⟨
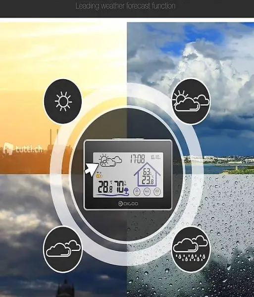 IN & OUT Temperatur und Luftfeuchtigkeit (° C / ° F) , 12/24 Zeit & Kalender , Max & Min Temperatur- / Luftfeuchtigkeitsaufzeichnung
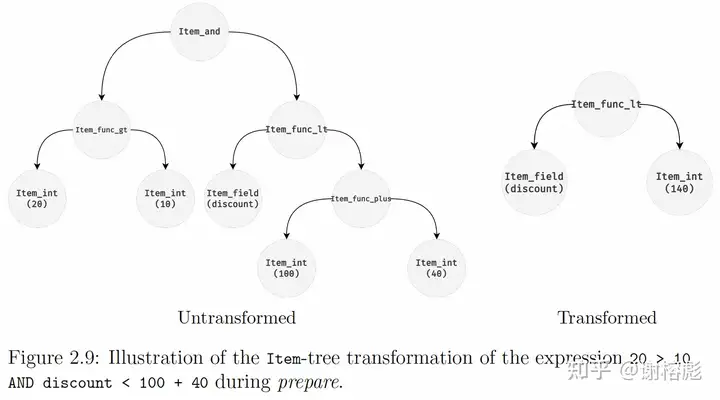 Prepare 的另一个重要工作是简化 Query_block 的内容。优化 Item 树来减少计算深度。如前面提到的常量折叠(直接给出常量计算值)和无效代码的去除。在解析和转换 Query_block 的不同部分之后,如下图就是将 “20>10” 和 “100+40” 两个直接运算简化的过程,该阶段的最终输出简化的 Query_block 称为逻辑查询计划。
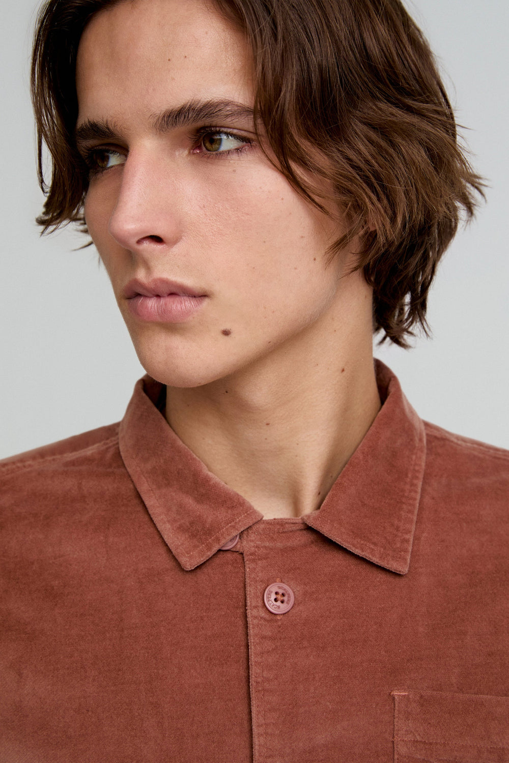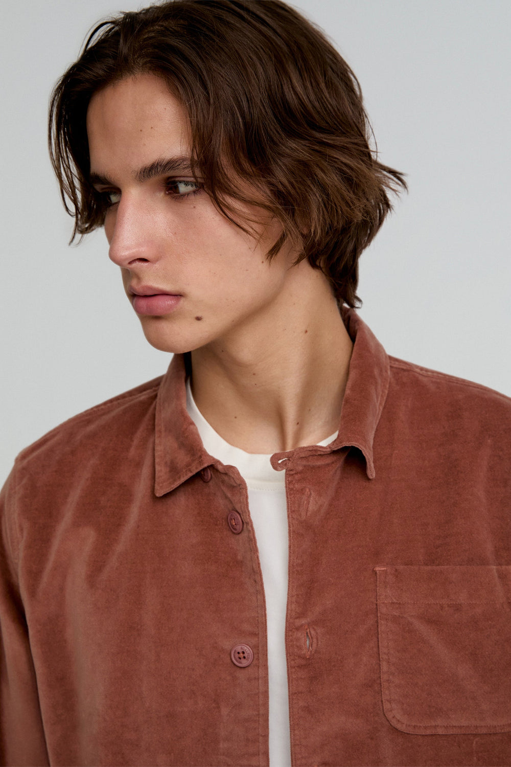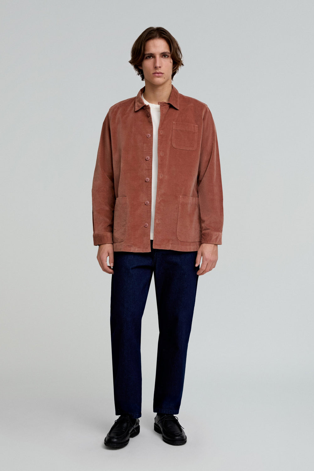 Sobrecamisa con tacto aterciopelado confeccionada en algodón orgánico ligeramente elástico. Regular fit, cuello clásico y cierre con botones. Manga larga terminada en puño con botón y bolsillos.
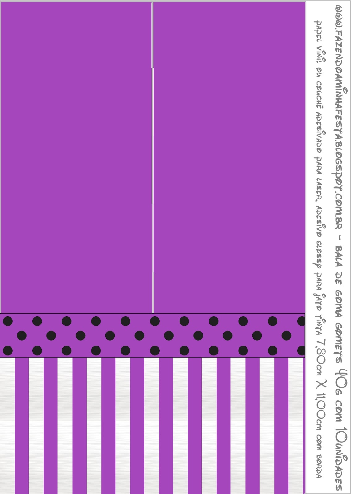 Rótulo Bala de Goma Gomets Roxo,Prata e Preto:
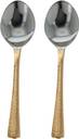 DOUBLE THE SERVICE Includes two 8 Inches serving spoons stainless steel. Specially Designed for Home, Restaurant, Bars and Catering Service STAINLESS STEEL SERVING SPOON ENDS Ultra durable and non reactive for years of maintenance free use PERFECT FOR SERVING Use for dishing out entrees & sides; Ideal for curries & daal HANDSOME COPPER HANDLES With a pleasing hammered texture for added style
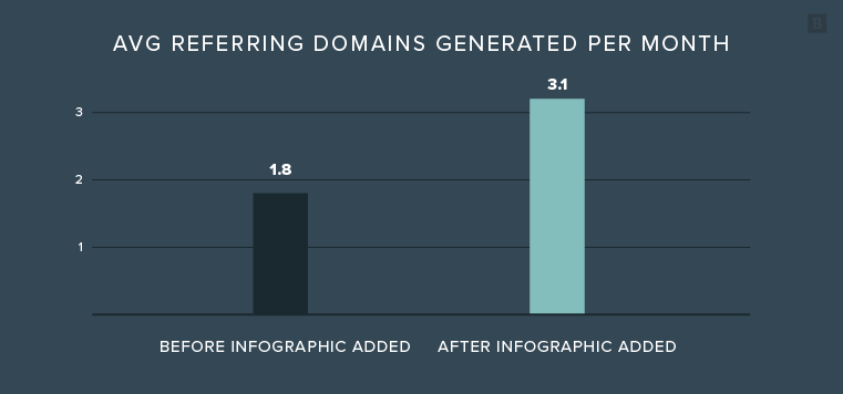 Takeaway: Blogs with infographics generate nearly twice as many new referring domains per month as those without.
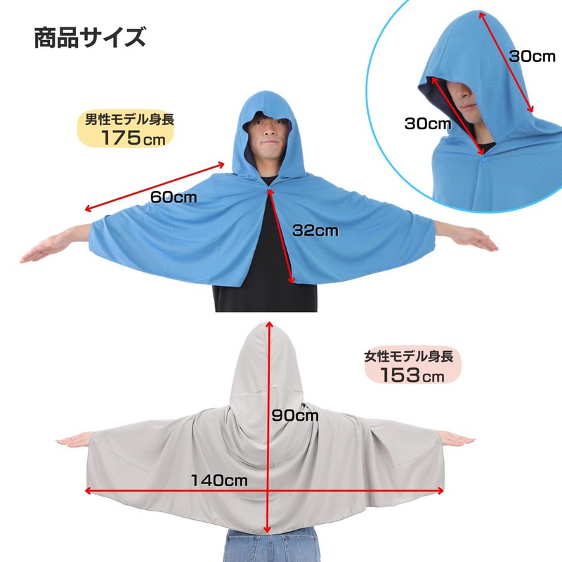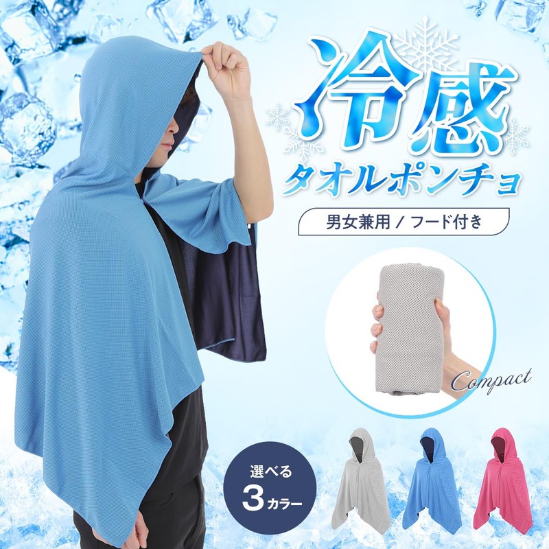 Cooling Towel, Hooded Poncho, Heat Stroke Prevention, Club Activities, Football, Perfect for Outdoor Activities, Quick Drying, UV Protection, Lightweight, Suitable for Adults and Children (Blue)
⟩
⟨
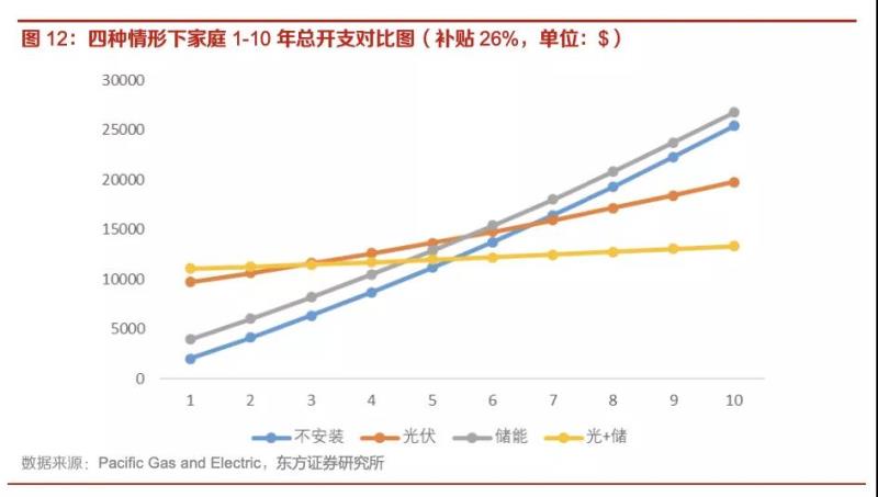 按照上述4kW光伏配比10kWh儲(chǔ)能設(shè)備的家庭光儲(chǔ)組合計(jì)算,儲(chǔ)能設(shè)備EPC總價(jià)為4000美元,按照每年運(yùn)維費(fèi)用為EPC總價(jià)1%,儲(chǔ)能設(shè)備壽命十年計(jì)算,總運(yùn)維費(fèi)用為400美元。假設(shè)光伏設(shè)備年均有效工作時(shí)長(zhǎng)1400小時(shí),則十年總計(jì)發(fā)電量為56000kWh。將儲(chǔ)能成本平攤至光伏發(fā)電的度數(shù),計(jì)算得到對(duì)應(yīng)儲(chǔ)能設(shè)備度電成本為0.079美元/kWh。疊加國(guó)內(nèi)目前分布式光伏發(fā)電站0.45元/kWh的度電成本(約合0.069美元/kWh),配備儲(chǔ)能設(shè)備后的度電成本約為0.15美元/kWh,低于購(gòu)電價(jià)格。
⟩
⟨
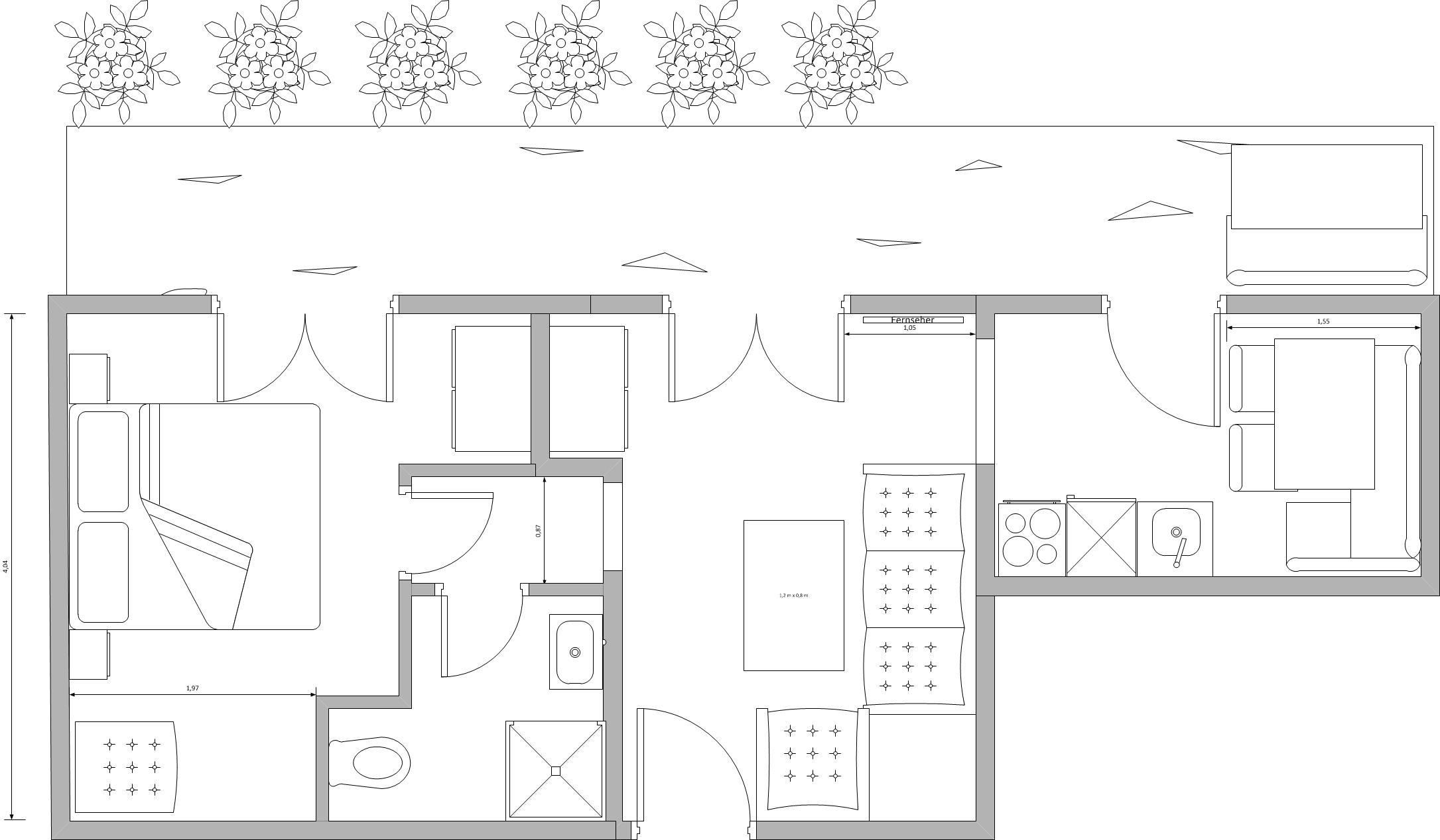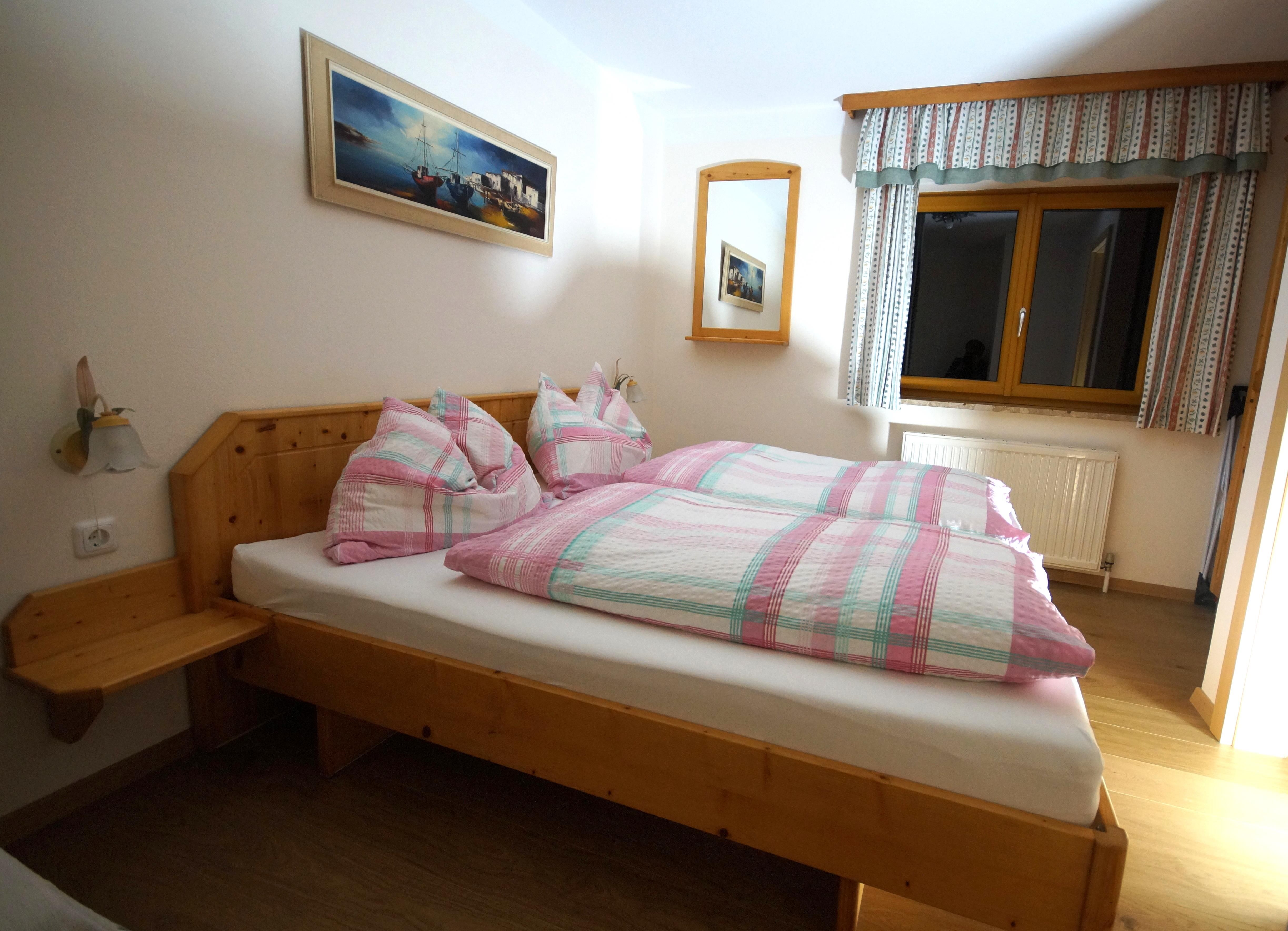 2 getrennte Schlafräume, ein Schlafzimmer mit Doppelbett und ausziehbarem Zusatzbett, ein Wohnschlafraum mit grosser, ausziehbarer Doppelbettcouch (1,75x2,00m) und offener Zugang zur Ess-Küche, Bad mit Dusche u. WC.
⟩
Going by the data above, give back only the lines from the one containing "Takeaway: Blogs with" through the one containing "Cooling Towel, Hooded", exactly as they stand, both ends included and no images.

 Takeaway: Blogs with infographics generate nearly twice as many new referring domains per month as those without.
 Cooling Towel, Hooded Poncho, Heat Stroke Prevention, Club Activities, Football, Perfect for Outdoor Activities, Quick Drying, UV Protection, Lightweight, Suitable for Adults and Children (Blue)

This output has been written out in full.